## TASK GOAL
All of the data that follows should be output again without any alteration.

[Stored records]
- - - -

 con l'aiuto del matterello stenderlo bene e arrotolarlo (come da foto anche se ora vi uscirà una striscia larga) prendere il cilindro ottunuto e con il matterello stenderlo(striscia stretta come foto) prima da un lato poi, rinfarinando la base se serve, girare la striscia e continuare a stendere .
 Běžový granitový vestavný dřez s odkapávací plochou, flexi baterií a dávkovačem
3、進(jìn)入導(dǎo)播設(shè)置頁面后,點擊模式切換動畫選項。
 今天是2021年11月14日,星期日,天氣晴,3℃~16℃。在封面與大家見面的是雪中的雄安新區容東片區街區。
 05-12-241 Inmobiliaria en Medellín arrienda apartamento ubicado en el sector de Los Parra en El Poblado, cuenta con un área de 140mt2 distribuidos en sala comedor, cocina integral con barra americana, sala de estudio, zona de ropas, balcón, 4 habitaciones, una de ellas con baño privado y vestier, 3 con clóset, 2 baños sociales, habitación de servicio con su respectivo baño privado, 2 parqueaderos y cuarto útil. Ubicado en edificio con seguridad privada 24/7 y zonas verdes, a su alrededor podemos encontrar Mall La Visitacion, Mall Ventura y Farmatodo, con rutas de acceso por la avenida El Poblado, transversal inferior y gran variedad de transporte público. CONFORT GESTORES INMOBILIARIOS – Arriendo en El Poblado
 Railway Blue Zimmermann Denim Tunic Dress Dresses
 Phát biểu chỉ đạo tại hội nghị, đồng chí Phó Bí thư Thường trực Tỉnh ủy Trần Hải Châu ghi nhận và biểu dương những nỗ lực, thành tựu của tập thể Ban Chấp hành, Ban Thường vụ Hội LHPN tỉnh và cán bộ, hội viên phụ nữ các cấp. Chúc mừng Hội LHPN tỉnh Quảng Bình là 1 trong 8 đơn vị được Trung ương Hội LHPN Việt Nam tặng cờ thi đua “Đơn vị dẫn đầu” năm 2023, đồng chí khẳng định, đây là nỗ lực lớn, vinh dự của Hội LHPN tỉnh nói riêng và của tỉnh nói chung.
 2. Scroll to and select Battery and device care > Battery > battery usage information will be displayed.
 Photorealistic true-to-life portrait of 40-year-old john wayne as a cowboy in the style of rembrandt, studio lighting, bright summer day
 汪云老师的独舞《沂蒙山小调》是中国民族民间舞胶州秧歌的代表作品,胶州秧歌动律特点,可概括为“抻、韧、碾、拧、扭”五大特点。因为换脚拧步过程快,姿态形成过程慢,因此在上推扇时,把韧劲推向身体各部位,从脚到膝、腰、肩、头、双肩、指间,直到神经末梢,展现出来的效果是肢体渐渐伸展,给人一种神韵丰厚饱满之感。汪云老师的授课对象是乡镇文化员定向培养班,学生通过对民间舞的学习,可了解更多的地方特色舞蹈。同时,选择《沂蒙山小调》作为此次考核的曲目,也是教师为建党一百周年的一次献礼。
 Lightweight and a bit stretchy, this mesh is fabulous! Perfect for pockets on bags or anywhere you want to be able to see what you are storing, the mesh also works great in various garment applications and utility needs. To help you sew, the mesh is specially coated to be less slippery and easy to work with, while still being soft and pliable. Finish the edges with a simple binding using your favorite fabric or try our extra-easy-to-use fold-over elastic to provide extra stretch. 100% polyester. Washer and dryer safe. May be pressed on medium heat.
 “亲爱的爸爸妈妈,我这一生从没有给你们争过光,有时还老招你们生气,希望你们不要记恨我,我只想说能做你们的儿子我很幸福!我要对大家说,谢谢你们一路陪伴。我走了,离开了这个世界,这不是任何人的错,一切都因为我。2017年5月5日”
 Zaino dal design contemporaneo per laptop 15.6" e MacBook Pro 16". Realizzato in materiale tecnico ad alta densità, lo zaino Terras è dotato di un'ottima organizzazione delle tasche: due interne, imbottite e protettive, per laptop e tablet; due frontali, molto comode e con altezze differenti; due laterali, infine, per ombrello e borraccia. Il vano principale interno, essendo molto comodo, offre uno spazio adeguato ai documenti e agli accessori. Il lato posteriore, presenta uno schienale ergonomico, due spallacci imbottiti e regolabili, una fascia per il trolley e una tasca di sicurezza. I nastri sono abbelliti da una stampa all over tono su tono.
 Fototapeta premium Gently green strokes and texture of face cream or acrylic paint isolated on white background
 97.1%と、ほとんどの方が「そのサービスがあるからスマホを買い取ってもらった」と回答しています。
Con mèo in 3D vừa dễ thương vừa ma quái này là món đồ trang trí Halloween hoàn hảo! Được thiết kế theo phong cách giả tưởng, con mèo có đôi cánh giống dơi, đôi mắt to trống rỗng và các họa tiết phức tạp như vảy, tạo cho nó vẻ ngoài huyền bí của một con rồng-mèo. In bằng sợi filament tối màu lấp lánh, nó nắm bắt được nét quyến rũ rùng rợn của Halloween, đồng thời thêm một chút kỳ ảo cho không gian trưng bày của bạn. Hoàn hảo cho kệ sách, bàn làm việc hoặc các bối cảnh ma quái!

- - - -

## COMPLETED TASK
 con l'aiuto del matterello stenderlo bene e arrotolarlo (come da foto anche se ora vi uscirà una striscia larga) prendere il cilindro ottunuto e con il matterello stenderlo(striscia stretta come foto) prima da un lato poi, rinfarinando la base se serve, girare la striscia e continuare a stendere .
 Běžový granitový vestavný dřez s odkapávací plochou, flexi baterií a dávkovačem
3、進(jìn)入導(dǎo)播設(shè)置頁面后,點擊模式切換動畫選項。
 今天是2021年11月14日,星期日,天氣晴,3℃~16℃。在封面與大家見面的是雪中的雄安新區容東片區街區。
 05-12-241 Inmobiliaria en Medellín arrienda apartamento ubicado en el sector de Los Parra en El Poblado, cuenta con un área de 140mt2 distribuidos en sala comedor, cocina integral con barra americana, sala de estudio, zona de ropas, balcón, 4 habitaciones, una de ellas con baño privado y vestier, 3 con clóset, 2 baños sociales, habitación de servicio con su respectivo baño privado, 2 parqueaderos y cuarto útil. Ubicado en edificio con seguridad privada 24/7 y zonas verdes, a su alrededor podemos encontrar Mall La Visitacion, Mall Ventura y Farmatodo, con rutas de acceso por la avenida El Poblado, transversal inferior y gran variedad de transporte público. CONFORT GESTORES INMOBILIARIOS – Arriendo en El Poblado
 Railway Blue Zimmermann Denim Tunic Dress Dresses
 Phát biểu chỉ đạo tại hội nghị, đồng chí Phó Bí thư Thường trực Tỉnh ủy Trần Hải Châu ghi nhận và biểu dương những nỗ lực, thành tựu của tập thể Ban Chấp hành, Ban Thường vụ Hội LHPN tỉnh và cán bộ, hội viên phụ nữ các cấp. Chúc mừng Hội LHPN tỉnh Quảng Bình là 1 trong 8 đơn vị được Trung ương Hội LHPN Việt Nam tặng cờ thi đua “Đơn vị dẫn đầu” năm 2023, đồng chí khẳng định, đây là nỗ lực lớn, vinh dự của Hội LHPN tỉnh nói riêng và của tỉnh nói chung.
 2. Scroll to and select Battery and device care > Battery > battery usage information will be displayed.
 Photorealistic true-to-life portrait of 40-year-old john wayne as a cowboy in the style of rembrandt, studio lighting, bright summer day
 汪云老师的独舞《沂蒙山小调》是中国民族民间舞胶州秧歌的代表作品,胶州秧歌动律特点,可概括为“抻、韧、碾、拧、扭”五大特点。因为换脚拧步过程快,姿态形成过程慢,因此在上推扇时,把韧劲推向身体各部位,从脚到膝、腰、肩、头、双肩、指间,直到神经末梢,展现出来的效果是肢体渐渐伸展,给人一种神韵丰厚饱满之感。汪云老师的授课对象是乡镇文化员定向培养班,学生通过对民间舞的学习,可了解更多的地方特色舞蹈。同时,选择《沂蒙山小调》作为此次考核的曲目,也是教师为建党一百周年的一次献礼。
 Lightweight and a bit stretchy, this mesh is fabulous! Perfect for pockets on bags or anywhere you want to be able to see what you are storing, the mesh also works great in various garment applications and utility needs. To help you sew, the mesh is specially coated to be less slippery and easy to work with, while still being soft and pliable. Finish the edges with a simple binding using your favorite fabric or try our extra-easy-to-use fold-over elastic to provide extra stretch. 100% polyester. Washer and dryer safe. May be pressed on medium heat.
 “亲爱的爸爸妈妈,我这一生从没有给你们争过光,有时还老招你们生气,希望你们不要记恨我,我只想说能做你们的儿子我很幸福!我要对大家说,谢谢你们一路陪伴。我走了,离开了这个世界,这不是任何人的错,一切都因为我。2017年5月5日”
 Zaino dal design contemporaneo per laptop 15.6" e MacBook Pro 16". Realizzato in materiale tecnico ad alta densità, lo zaino Terras è dotato di un'ottima organizzazione delle tasche: due interne, imbottite e protettive, per laptop e tablet; due frontali, molto comode e con altezze differenti; due laterali, infine, per ombrello e borraccia. Il vano principale interno, essendo molto comodo, offre uno spazio adeguato ai documenti e agli accessori. Il lato posteriore, presenta uno schienale ergonomico, due spallacci imbottiti e regolabili, una fascia per il trolley e una tasca di sicurezza. I nastri sono abbelliti da una stampa all over tono su tono.
 Fototapeta premium Gently green strokes and texture of face cream or acrylic paint isolated on white background
 97.1%と、ほとんどの方が「そのサービスがあるからスマホを買い取ってもらった」と回答しています。
Con mèo in 3D vừa dễ thương vừa ma quái này là món đồ trang trí Halloween hoàn hảo! Được thiết kế theo phong cách giả tưởng, con mèo có đôi cánh giống dơi, đôi mắt to trống rỗng và các họa tiết phức tạp như vảy, tạo cho nó vẻ ngoài huyền bí của một con rồng-mèo. In bằng sợi filament tối màu lấp lánh, nó nắm bắt được nét quyến rũ rùng rợn của Halloween, đồng thời thêm một chút kỳ ảo cho không gian trưng bày của bạn. Hoàn hảo cho kệ sách, bàn làm việc hoặc các bối cảnh ma quái!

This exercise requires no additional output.